• [ACTIVITY] Output, exactly as written, the lines below starting at the line containing "Dieser Sneaker aus" and ending at the line containing "You can use". Drop the pictures and keep both end lines.

[[ EXCERPTED DATA, beginning ]]

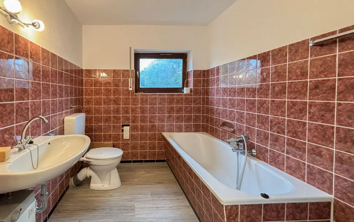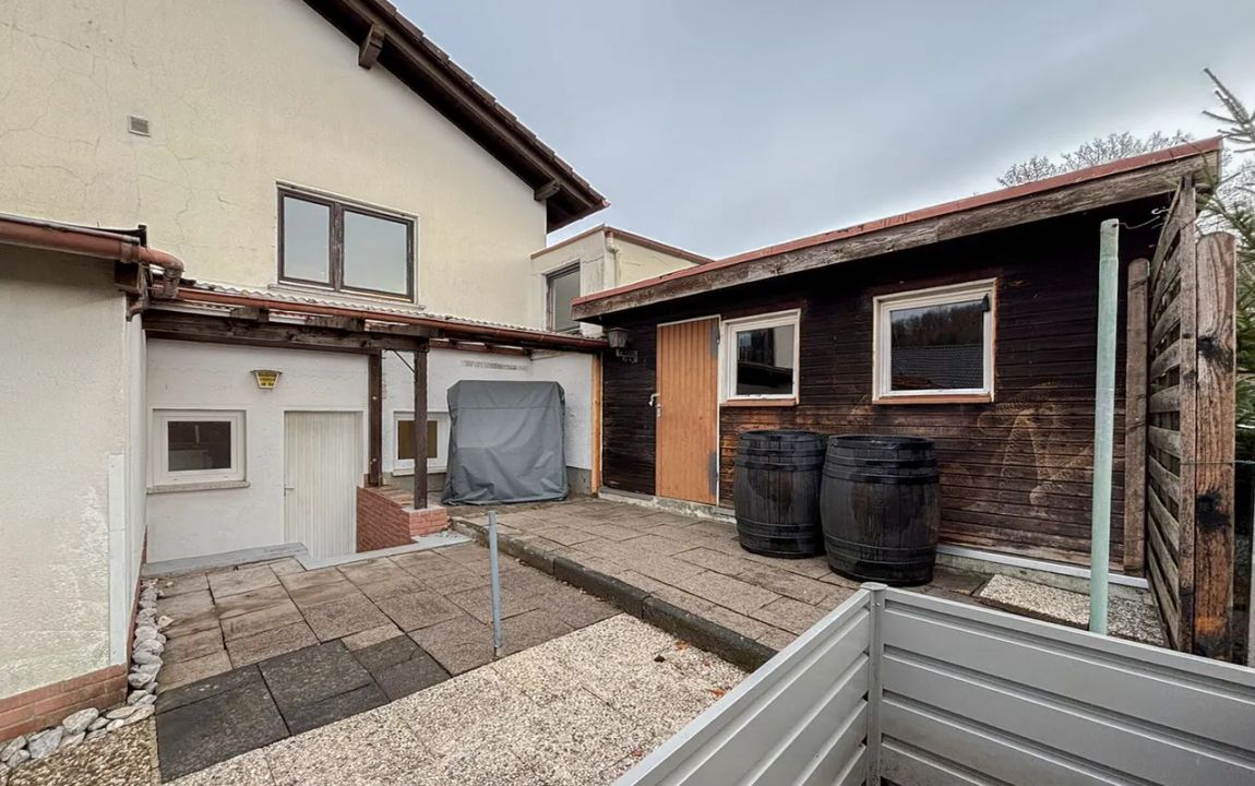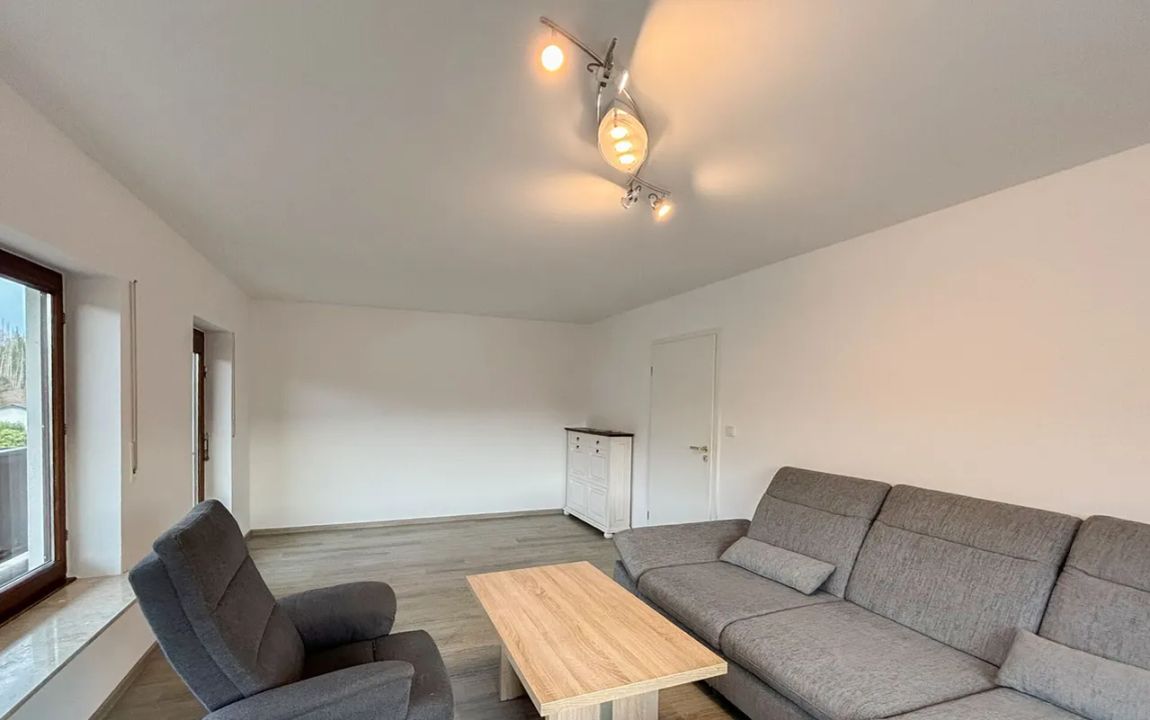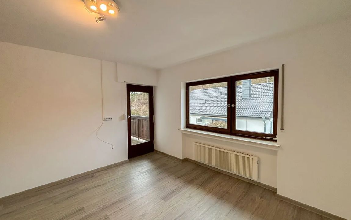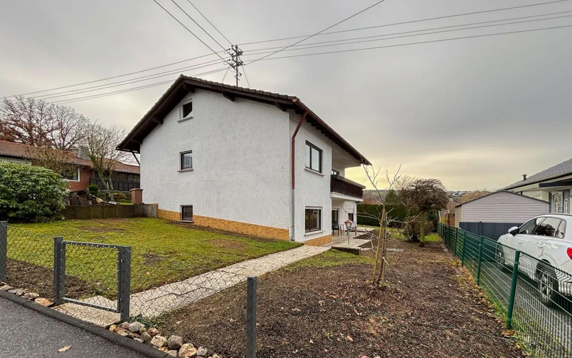 Dieses sehr gepflegte Einfamilienhaus präsentiert sich in einem frisch renovierten Zustand und kann sofort bezogen werden. Die Hauptwohnung bietet idealen Wohnkomfort für einen Drei-Personen-Haushalt und überzeugt mit einer gelungenen Raumaufteilung sowie einem modernen Ambiente. Besonders hervorzuheben ist das neuwertige Badezimmer mit barrierearmer Dusche. Der Balkon, sowohl vom Elternschlafzimmer als auch vom Wohnzimmer aus erreichbar, bietet einen herrlichen Ausblick und lädt zu erholsamen Stunden im Freien ein.
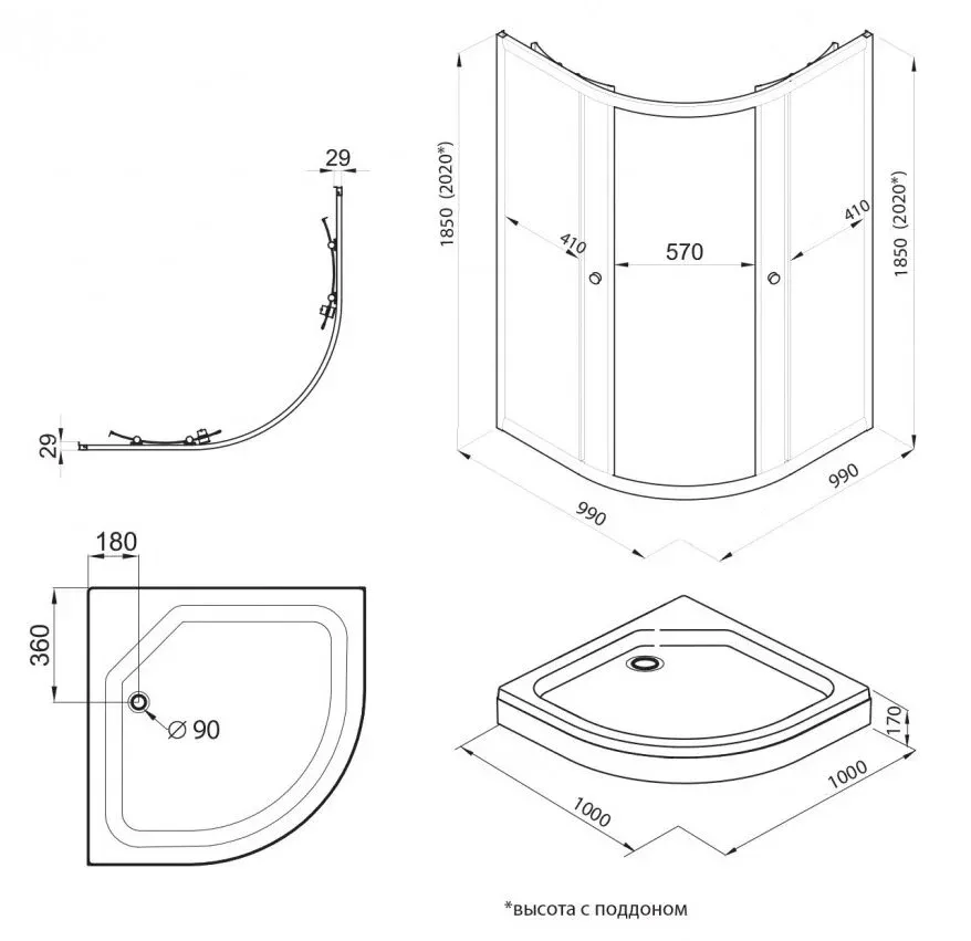 Размер: 100 x 100 x 185 см Высота с поддоном: 202 см Конструкция дверей: раздвижная К... Подробнее
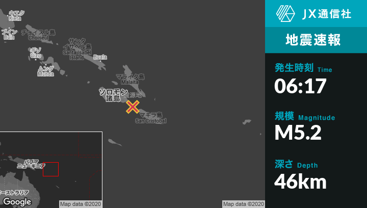 2月26日 06:17頃、ソロモン諸島のKirakiraから西北西112kmの地点でM5.2の地震がありました。
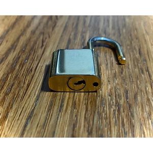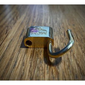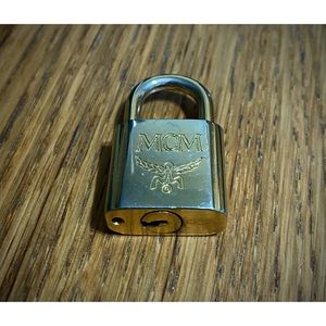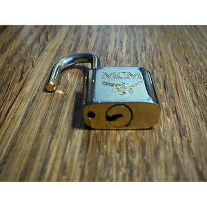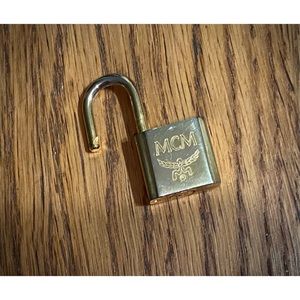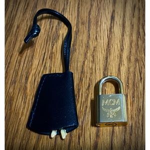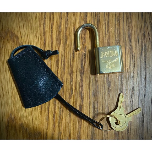 UNISEX - 100% authentic MCM gold color padlock and 2 keys with clotchette bell for storage. Clotchette bell material black leather. Use to attach padlock and keys or as an embellishment to any purse, duffel bag, travel bag, briefcase, etc. Keys can stay on and doesn’t have to be removed from clotchette bell to be used on lock. NO TRADES
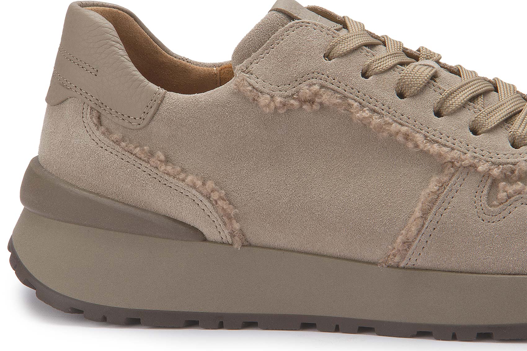 Dieser Sneaker aus softem Rauleder in Beige überzeugt mit seinem cleanen, zeitlosen Design und lässt sich mühelos zu verschiedensten Outfits kombinieren. Die dezente Farbgebung macht ihn zum idealen Begleiter für jeden Tag. Dank der herausnehmbaren Innensohle ist auch für zusätzlichen Komfort gesorgt – perfekt für einen stilvollen, entspannten Auftritt.
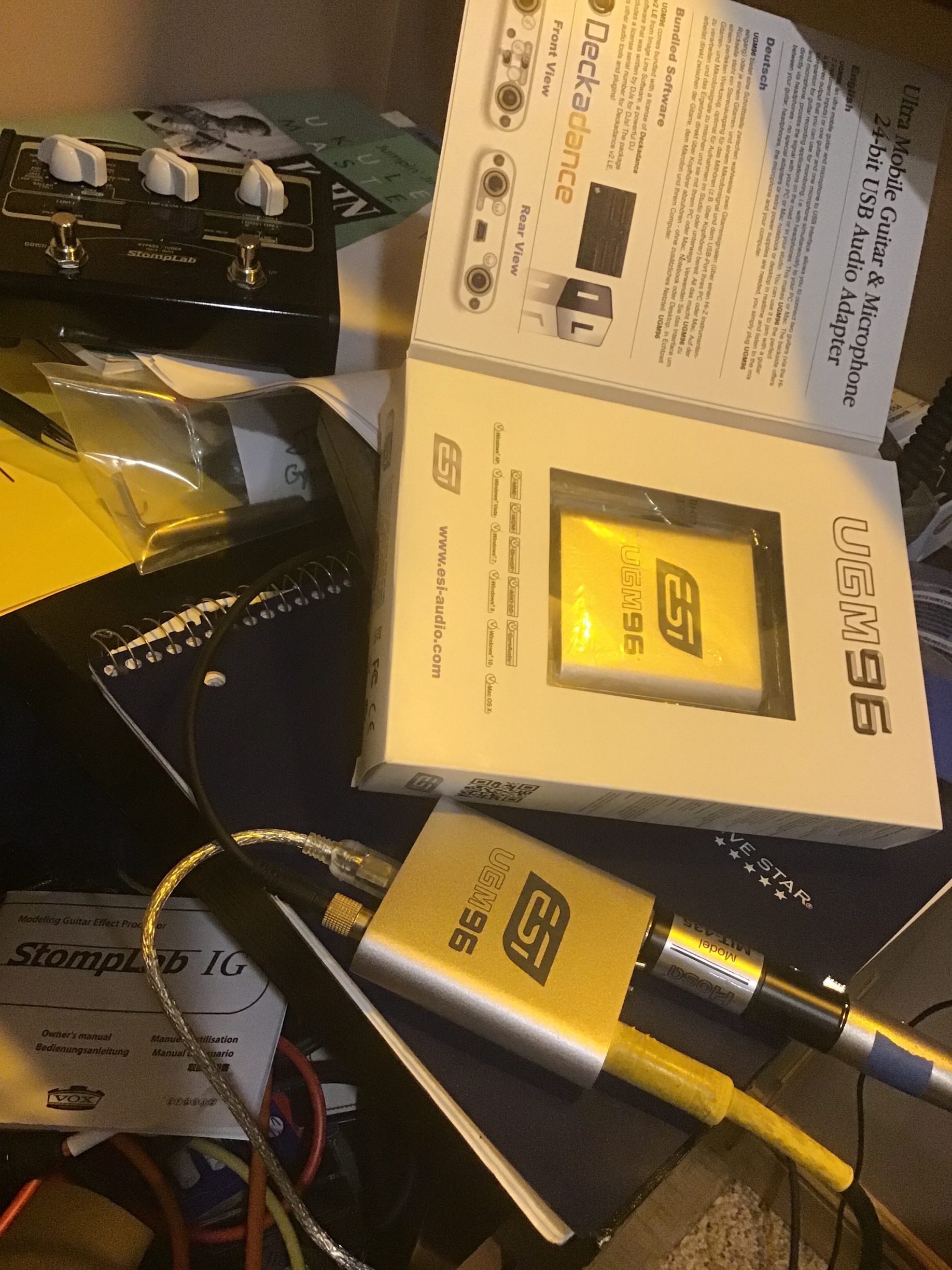 You can use JK with audio software but you don’t need to. I’ve done it with Reaper to use plugins, but now I jut use the JK program. I play guitar, bass, and sing so if I’m playing bass I run the headphone out of my amp into the interface; for electric guitar I use a Vox Stomplab for amp emulation before the interface (BTW this sounds good through the Compact 60); for acoustic guitar an vocals I just use a condenser mic, no effects.
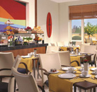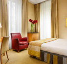 The Hotel Capo d`Africa has 65 guestrooms that have been designed in a classic contemporary style to create a welcoming and relaxing atmosphere. The guestrooms are decorated with warm tones of ochre, sand and saffron with modern, sleek wood furniture and object d`art adorning the walls. Each room features an en-suite bathroom with designer toiletries, air-conditioning, TV with satellite channels, mini bar and hairdryer. The hotel has a fitness room and also offers a variety of jogging routes for guests who want to keep active, while taking in the sites. Breakfast is served daily on the rooftop bar, meaning you can prepare for the day while taking in fantastic view of the Colosseum. Guests can enjoy a lunch at a la petite carte, which is open all day for refreshments or try Centrum Bar, for a pre-dinner drink. The hotel restaurant L`Attico Bistrot is open from 7-11pm from Monday to Saturday where the chef prepares modern Italian food using selected, high quality ingredients. During the summer it is also possible to dine al fresco on the panoramic terraces.
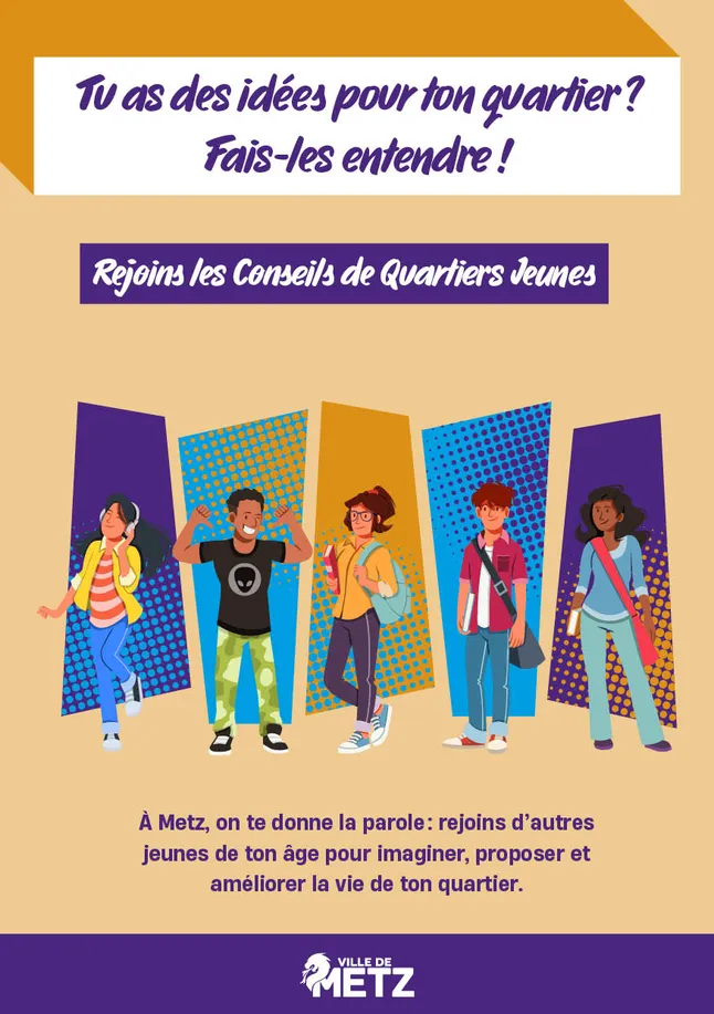 La Ville de Metz crée les Conseils de Quartiers Jeunes pour permettre aux collégiens et collégiennes de s’impliquer dans la vie de leur quartier et de faire entendre leurs idées. Si tu es en 6e, 5e, 4e ou 3e, c’est le moment de t’engager !
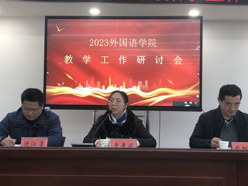 为进一步深化本科教育教学改革,抓好重点工作落实,切实推进学院教学工作,全面提升教学质量和育人水平,2月15日,外国语学院采用线上线下相结合的方式,在长山校区外国语学院学术报告厅举办了2023年教学工作研讨会。大会邀请教务处处长田剑、副处长沈江勇、南京林业大学肖飞教授,外国语学院领导班子和全体教职工参加会议,会议由副院长周树军主持。

[[ EXCERPTED DATA, end ]]

• [EXPECTED OUTPUT]
 Dieser Sneaker aus softem Rauleder in Beige überzeugt mit seinem cleanen, zeitlosen Design und lässt sich mühelos zu verschiedensten Outfits kombinieren. Die dezente Farbgebung macht ihn zum idealen Begleiter für jeden Tag. Dank der herausnehmbaren Innensohle ist auch für zusätzlichen Komfort gesorgt – perfekt für einen stilvollen, entspannten Auftritt.
 You can use JK with audio software but you don’t need to. I’ve done it with Reaper to use plugins, but now I jut use the JK program. I play guitar, bass, and sing so if I’m playing bass I run the headphone out of my amp into the interface; for electric guitar I use a Vox Stomplab for amp emulation before the interface (BTW this sounds good through the Compact 60); for acoustic guitar an vocals I just use a condenser mic, no effects.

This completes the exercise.